The purpose of this repo is to provide an abstract and minimalist traffic simulation using OpenStreetMaps and OSMnx which can simulate traffic on any road network from OSM.
I train a three-layer, linear learning architecture using the Keras and Tensorflow open APIs. This model optimizes a car's route to its destination by deciding between two options: (1) the original Dijkstra's shortest path between its origin and destination or (2) a detour path around the traffic light in its route having the longest light time.
The optimization algorithm in learn.py
can be implemented for one car in the system. This car will learn its pre-configured route to shortest-time by trying the alternate route. I've written my own re-routing algorithm for this project, leveraging OSMnx.
The learning algorithm uses Q-learning with epsilon greedy techniques, and a dynamic reward scheme based on a car's time-to-complete. If a car took longer to reach its destination after changing routes, it receives a negative reward proportional to the time difference in routes.
After customizing desired parameters in the source code, run the artist
scratch file with:
python artist.py
to render .mp4 or .html movies of a traffic simulation.
You can select a car in the source code as the learning agent (i.e. any number 1-N, where N is the number of cars desired in the simulation. Every car has a pre-configured route.) Then, run python learn.py
to optimize that car's route to shortest-time.
High Performance Examples
Low Performance Examples
Simple Example of Optimization
The above figure is a simple example of how a learning agent reroutes around a single traffic light.

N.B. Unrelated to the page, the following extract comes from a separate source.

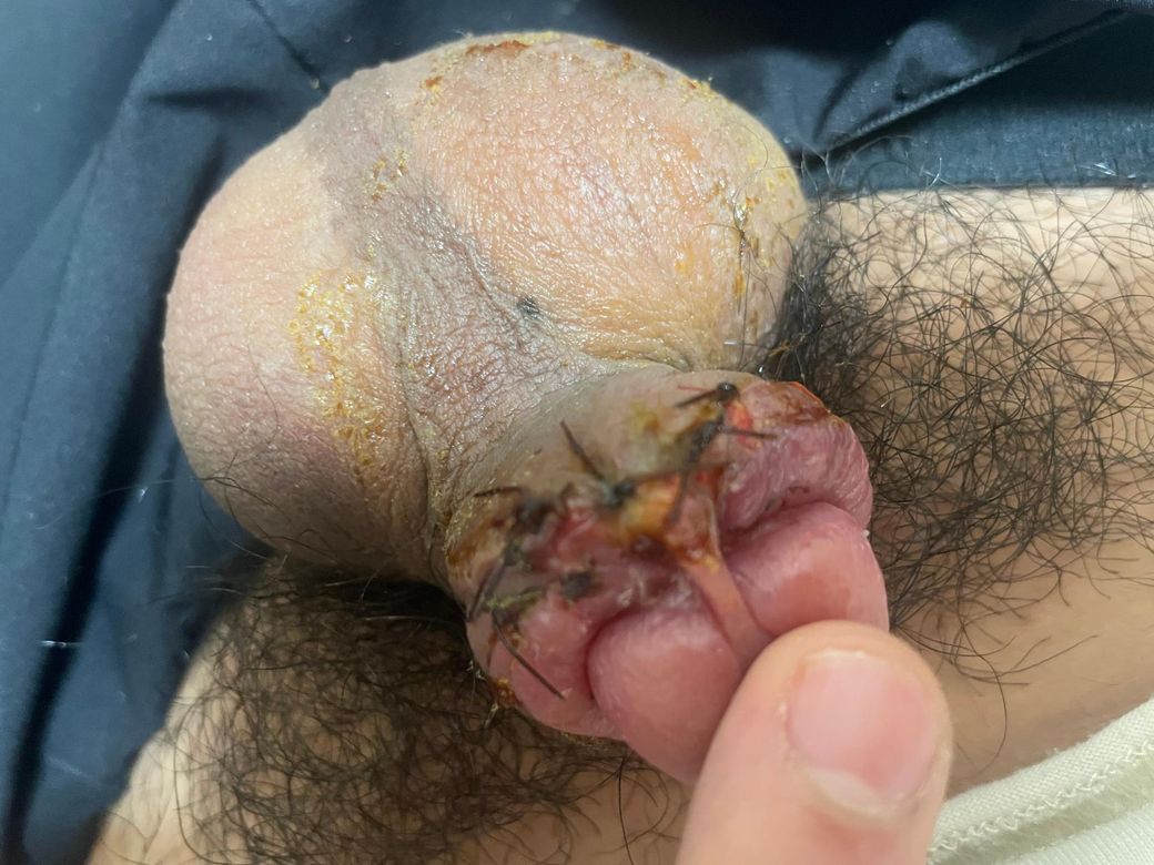 상처는 잘 회복되는 중으로 보이나 올려주신 사진만으로는 정확히 알기 어렵고 직접 신체 진찰이 필요하므로 진물이 계속된다면 다시 비뇨기과 진료를 받기 바랍니다.

In the original route (left) the learning agent is in State 1. State 1 implies three criteria: (1) there are obstacle(s) in the route, (2) the detour around the most significant obstacle is short, (3) the detour contains no obstacle(s). (See the Projects tab of this repository to learn about all 10 possible states in the Markov decision chain for this project.)
The alternate route (right) is traveled in lieu of the original if the learning agent takes Action 1 (Action 0 is to do nothing).

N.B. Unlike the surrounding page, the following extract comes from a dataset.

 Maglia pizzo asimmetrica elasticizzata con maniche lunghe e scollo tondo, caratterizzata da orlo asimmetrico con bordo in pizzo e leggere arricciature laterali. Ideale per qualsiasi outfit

The reward-scheme for this learning algorithm is based on whether the time to travel from A to B is the shortest of the two action possibilities. Since the alternate route above does not experience a traffic light, taking Action 1 (i.e. rerouting) will be preferred the more the learning agent performs the simulation.
Sure enough, the average reward per game improves while training for 90-games (above).

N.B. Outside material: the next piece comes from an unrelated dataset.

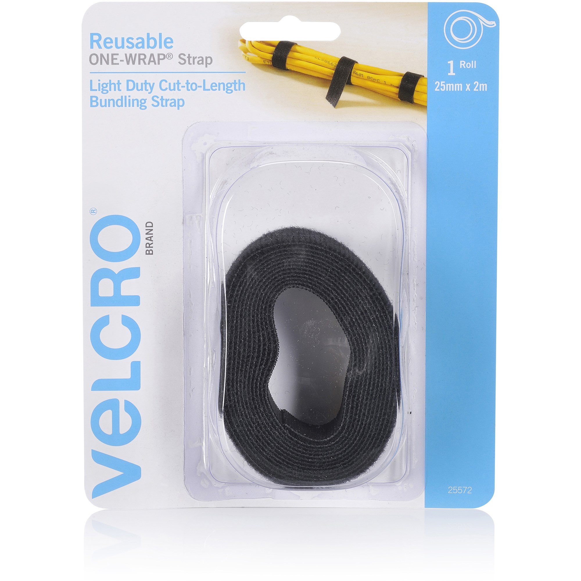 Velcro Brand Reusable Light Duty One Wrap 25mm x 2m Bundling Strap Black

Car 17 Route and Alternate Route
There are two traffic lights (shown as blue dots) in the initial route for this car. Currently by default, the rerouting algorithm chooses to reroute around the light with the longest switch-time. In this case, it was the second light in the route which was avoided by the rerouting algorithm. Since traffic light switch-times are randomly initialized each time a map is drawn, this will not always be the case.
A note on the requirements for this code base
Installing
tensorflow 1.9.0 py36_0 (latest 12/29/2018)
conflicts with any python 3.7 (py37) environment because tf uses python >=3.6,<3.7.0a0
. To handle this, I've created another environment with all the python 3.6 (py36) versions of the required packages for this code base. To install this py36 environement, see requirements_py36.txt
in the requirements folder.
Once TensorFlow is upgraded to py37, the py36 requirements will be depricated.